Выворачивая ей карманы, я и нахожу там, собственно, только её саму. И вот она, сама:
............. солнце садится своей расплывшейся задницей на трубу теплоцентрали, прикрытую вьетнамской шляпкой, как раз в створе нашего переулка. Прищурив глаз, я целюсь в ту сторону, воображая переулок дулом, створу прорезью, а трубу - мушкой. За углом гремят пустые молочные бидоны. На ступеньках магазина татарчата Рамис и Венера, дети дворничихи, режутся в очко. Докторята из соседнего двора дерутся за велосипед. Раздобревшие от жары Муха и его банда курят в кружочек на травке, словно мирные барашки. Идиллию портит только одна пара мне не знакомых урок: пиджаки до колен, сандальки со скрипом, стоят под полотняным навесом у парикмахерской. Я прохожу мимо, мне до них дела нет. Но у них, оказывается, до меня есть. И вот, набегающий на лопатки шлёп подошв, сопение в затылок: "а простися, мальчичек, со своею кепочкой" и сразу же - холодок овевает мой коротко стриженый череп. Сознание непоправимой утраты охватывает меня прежде, чем я успеваю обернуться, и я оборачиваюсь, уже скрипя зубами, как те сандальками, но только от бессилия, уже слыша исполняющийся сердцем Marsch funebre по символу моего дворового преуспеяния, может быть, и по его причине: капитанской фуражке с якорьком, с парусиновым верхом и зеркальным чёрным козырьком. Где, где она, моя стая? Никого. А Муха с улыбкой, полной неги, с его стаей, сохраняют нейтралитет, у них с теми, из соседнего двора, как раз перемирие. Не станут они портить себе каникулы из-за какого-то окурка-докторёнка.
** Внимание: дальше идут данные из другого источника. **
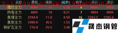 今日螺紋主力期貨漲17,收?qǐng)?bào)4694,漲幅0.36%;熱卷主力漲10,收?qǐng)?bào)4805,漲幅0.21%;焦煤主力漲11,收?qǐng)?bào)2204,漲幅0.5%;焦炭主力漲45.5,收?qǐng)?bào)2980,漲幅1.55%;鐵礦石主力漲25.5收?qǐng)?bào)776,漲幅3.4%。

Чего там, им нравится происходящее, пусть и не с самим их учителем литературы, а с его племянником. На такое действительно приятно глянуть, и совершенно безопасно: всё проделано чужими руками. А те чужие, двое, лихо огибая угол парикмахерской, с наклоном, словно на треке, смываются к себе в логово, под защиту своих... и совершенно напрасно так торопятся, никто и не думает о сопротивлении или мести. Бессильный скрежет зубов сопровождает их, и больше ничего, если не считать сопровождением вдруг затесавшуюся сюда совсем из иного мира фразу, и то, прозвучавшую только в моих ушах: "это тебе урок на будущее". Какое, к чёрту, теперь будущее, без фуры! Но что правда, то правда, обмен состоялся, и каждый получил своё, я - свой урок, они - мою же фуру. С небес видней, в чём каждый на самом-то деле нуждается... Каждому своё, как видно, не всегда значит - дать, иногда это, а может быть и чаще всего, принудить уступить данное некогда тебе - другому. Что ж, похвальная экономия.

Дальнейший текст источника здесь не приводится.